Britain backed “whacking” bin Laden before 9/11 attacks

Taliban founder, Mullah Omar, famously refused to hand over bin Laden after the 9/11 attacks, which resulted in the US, the UK and allies invading Afghanistan and toppling the Taliban regime in October 2001

Secret British government documents released to the British National Archive, and reported by the Times newspaper, reveal that Britain wanted to kill Osama bin Laden with an airstrike nine months before the attacks on the World Trade Centre in New York and the Pentagon. Held responsible for attacks on US embassies in Kenya and Tanzania in 1998 and a suicide attack on USS Cole, a US Navy destroyer, in Yemen in 2000, bin Laden was already a wanted man by the FBI.

The documents reveal that in a briefing paper to the then British prime minister, Tony Blair, before a dinner with the outgoing President Clinton, a senior government official said that “We’re all in favour of whacking UBL [Usama Bin Laden].” 

The Times newspaper reports that John Sawers, Blair’s foreign policy adviser, who later became head of the British foreign intelligence service, MI6, told him that: “The Americans don’t yet have proof that UBL was responsible for the attack on the USS Cole. They won’t launch airstrikes until they have a smoking gun, and that may not be until after 20 January [when George W. Bush would become president].”
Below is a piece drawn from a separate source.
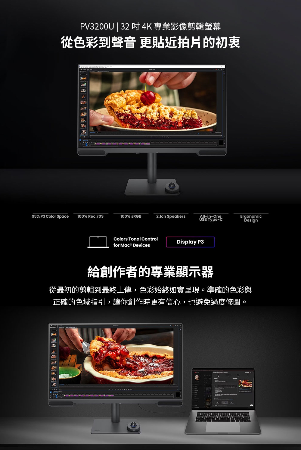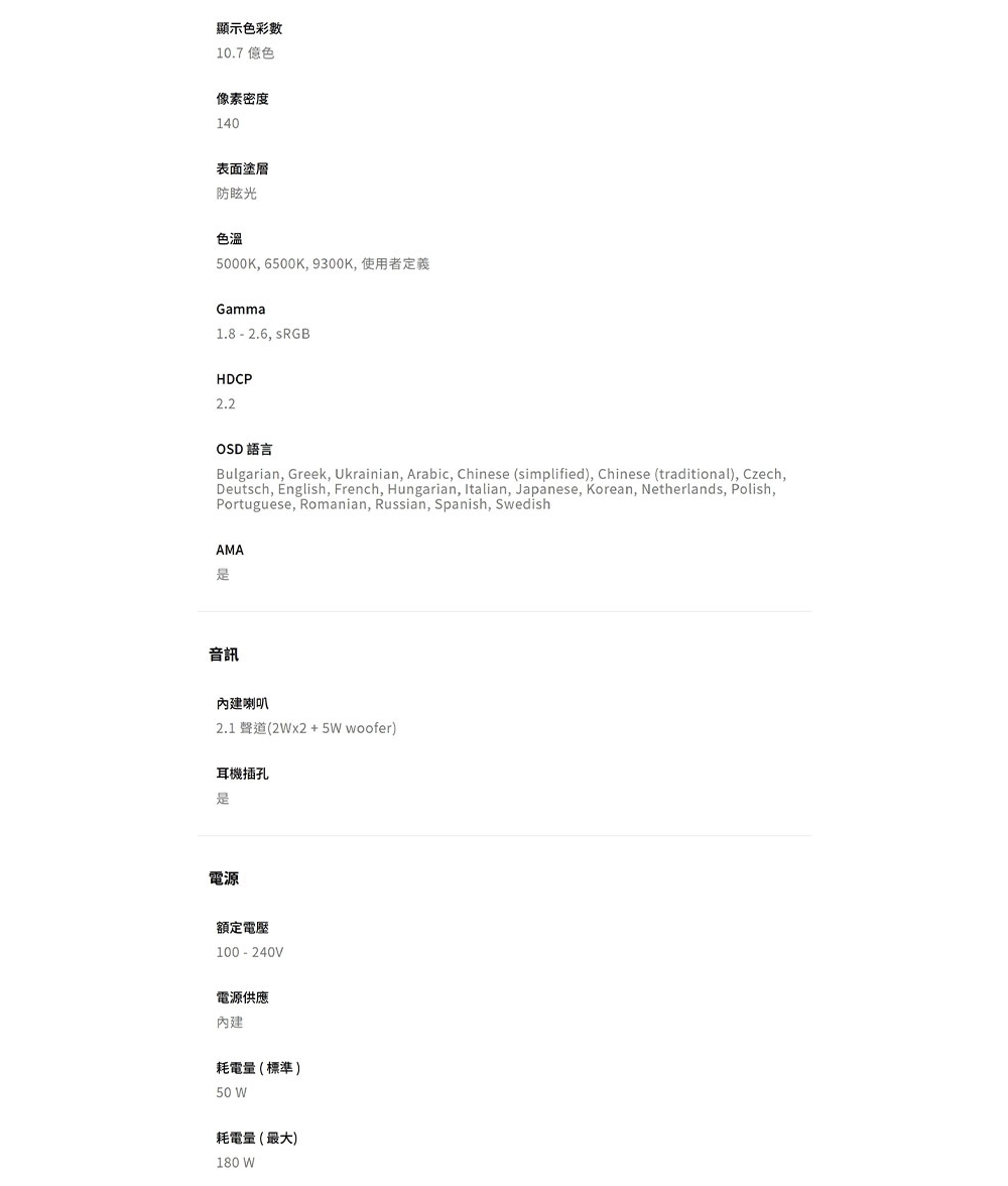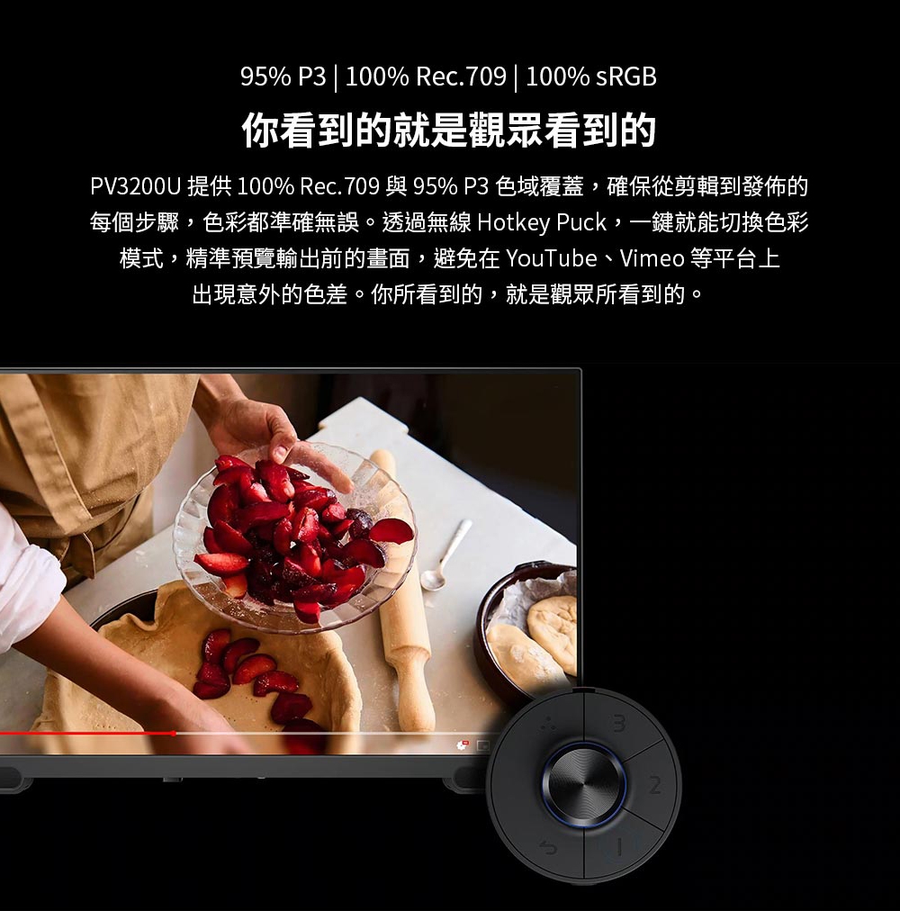 | 支援色彩 | 100% sRGB,100% Rec.709,95% P3 |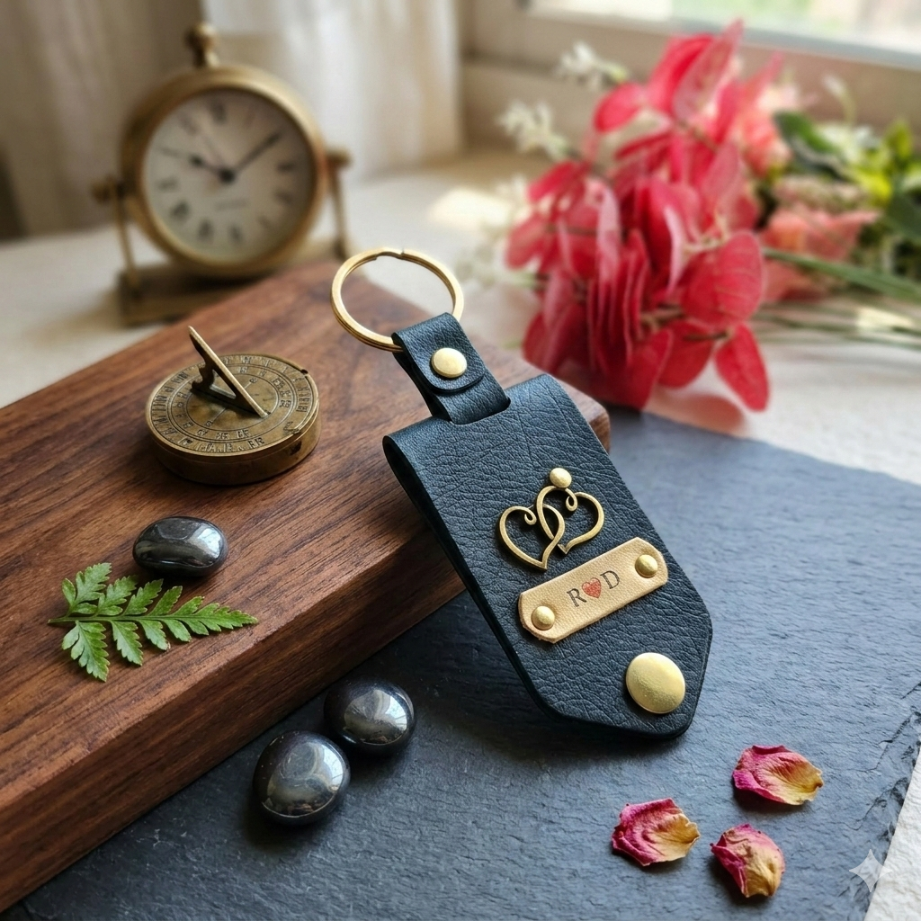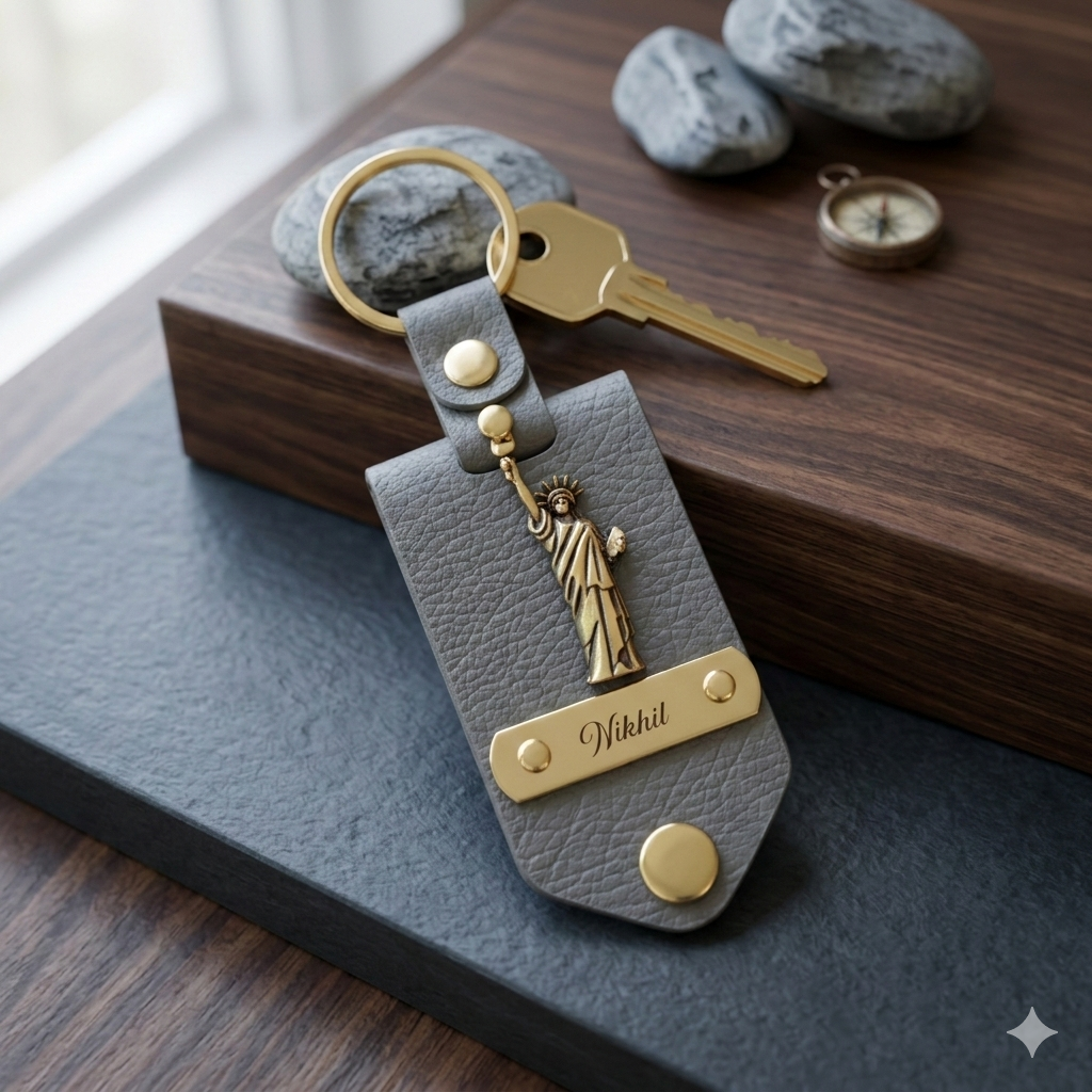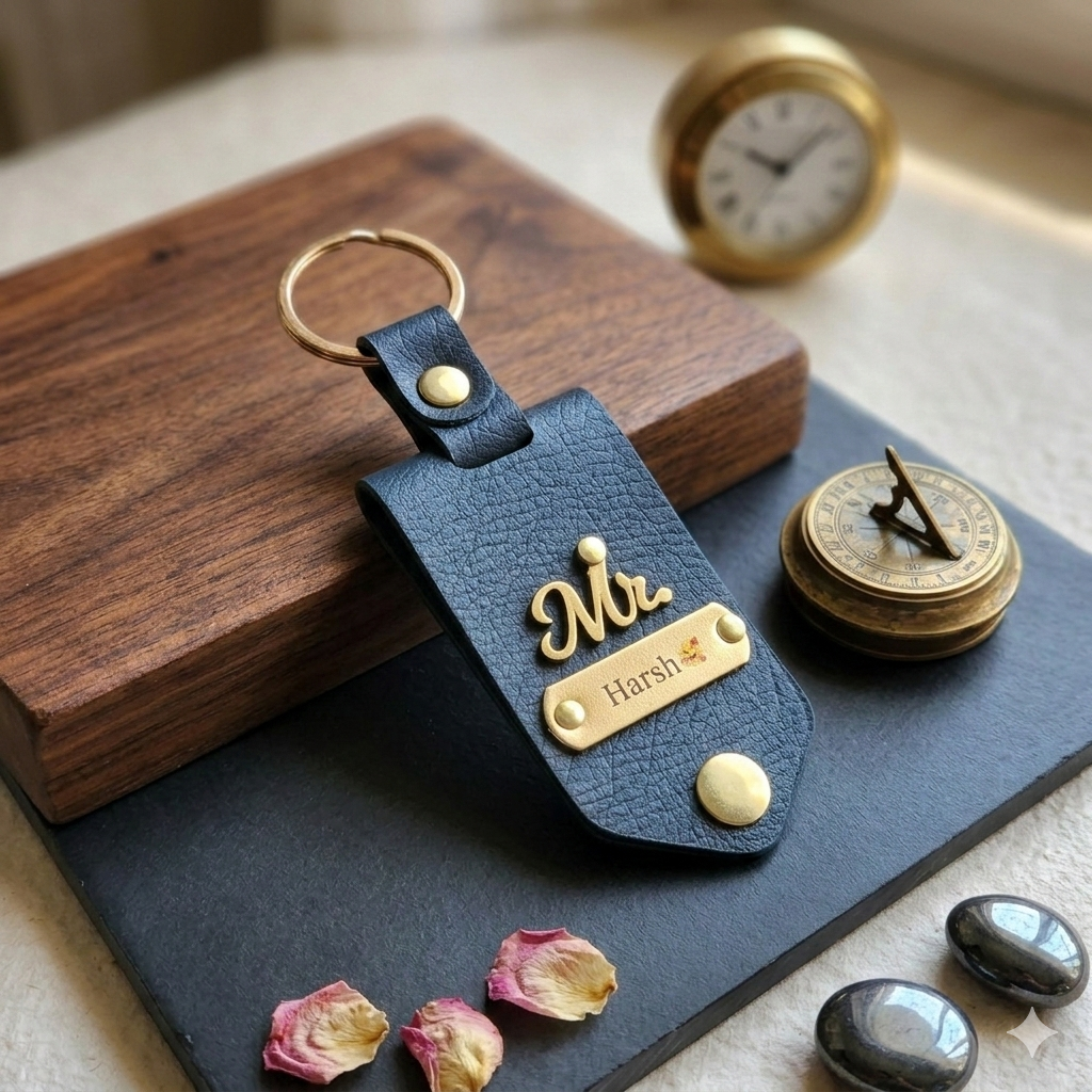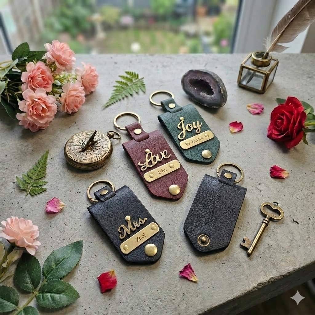 PERSONALISED DESIGN: Features a custom name plate and charm on a rich brown leather tag, making every keychain uniquely yours.

But despite the British plans, Bill Clinton had already attempted to eliminate bin Laden on 20 August 1998 with Tomahawk missile strikes at Al Qaeda bases in Afghanistan’s eastern province of Khost, less than two weeks after the deadly bombings on US embassies in East Africa, with the Al Qaeda leader escaping unharmed.

The Taliban founder, Mullah Mohammad Omar, famously refused to hand over bin Laden after the 9/11 attacks, which resulted in the US and allies invading Afghanistan and toppling the Taliban regime. 

22 years on, the Taliban are back in power, ruling Afghanistan in the same manner and with the same oppressive zeal it did before, implementing its ideology. 

After a recent order banning women from universities, the Taliban’s education minister, Neda Mohammad Nadem, said that the group was not interested in progress and development, but religion. “If we wanted those, we would have handed bin Laden to the US.”

On 2 May 2012, a team of US Navy Seal killed Osama bin Laden in a raid in Abbottabad, Pakistan. And on 31 July 2022, his successor, Ayman al-Zawahiri, was killed by a drone strike in Kabul, Afghanistan.